Task prompt:
When you reach the line containing "with hand. Secret" in the data below, begin returning lines exactly as written, and stop once the line containing "再例如,知名自媒體人六神磊磊" has been returned.

Data to use:
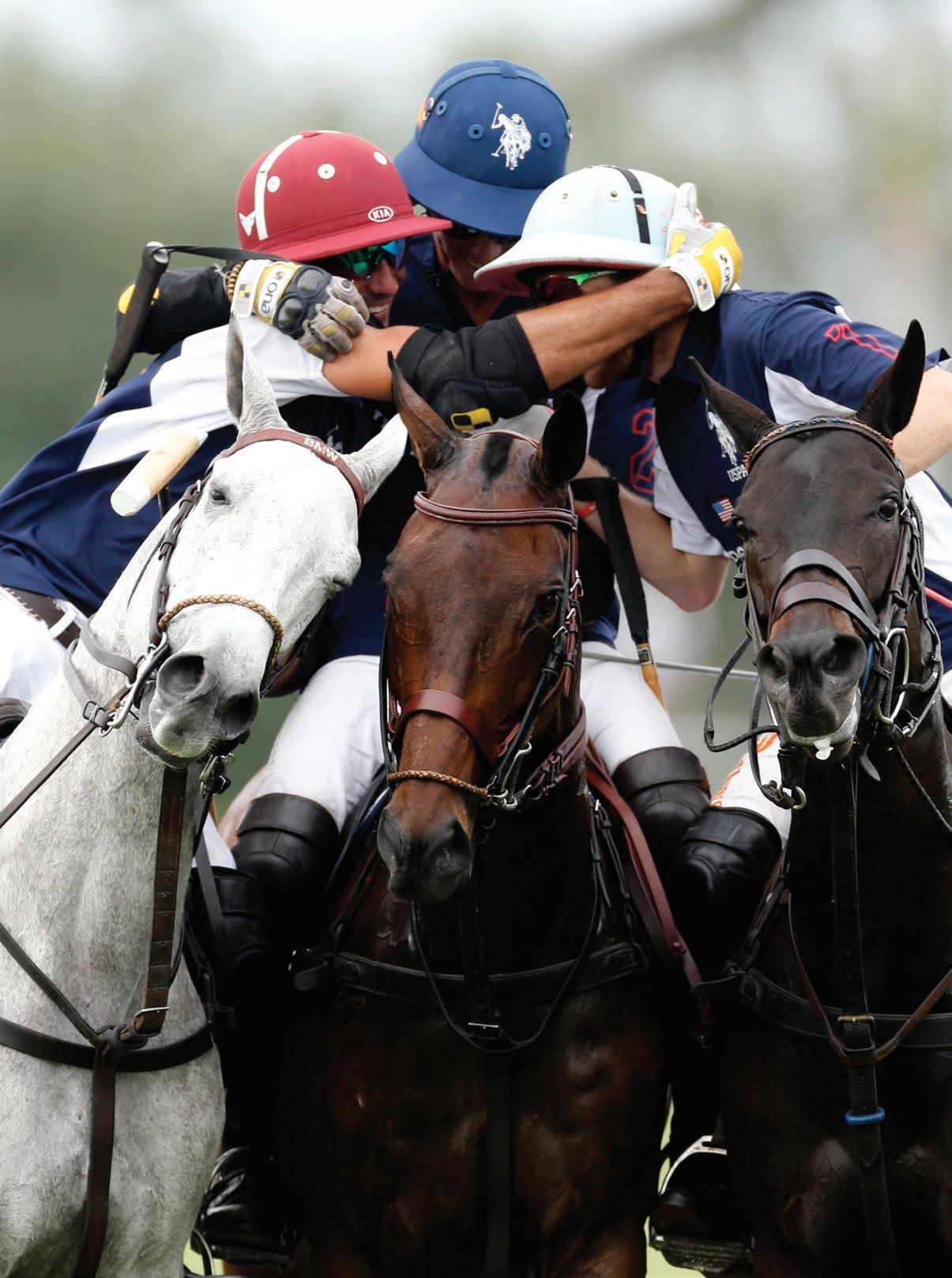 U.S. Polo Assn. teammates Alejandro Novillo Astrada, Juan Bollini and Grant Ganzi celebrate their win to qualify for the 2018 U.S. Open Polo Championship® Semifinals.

--

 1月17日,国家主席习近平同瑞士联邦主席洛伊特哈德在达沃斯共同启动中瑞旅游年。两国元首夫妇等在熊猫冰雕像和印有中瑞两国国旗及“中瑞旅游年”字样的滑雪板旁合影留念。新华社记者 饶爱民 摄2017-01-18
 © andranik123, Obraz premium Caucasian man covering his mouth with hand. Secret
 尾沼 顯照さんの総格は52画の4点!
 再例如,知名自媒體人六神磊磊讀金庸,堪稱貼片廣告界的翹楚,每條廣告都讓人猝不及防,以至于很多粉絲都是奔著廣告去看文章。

Response area:
 © andranik123, Obraz premium Caucasian man covering his mouth with hand. Secret
 尾沼 顯照さんの総格は52画の4点!
 再例如,知名自媒體人六神磊磊讀金庸,堪稱貼片廣告界的翹楚,每條廣告都讓人猝不及防,以至于很多粉絲都是奔著廣告去看文章。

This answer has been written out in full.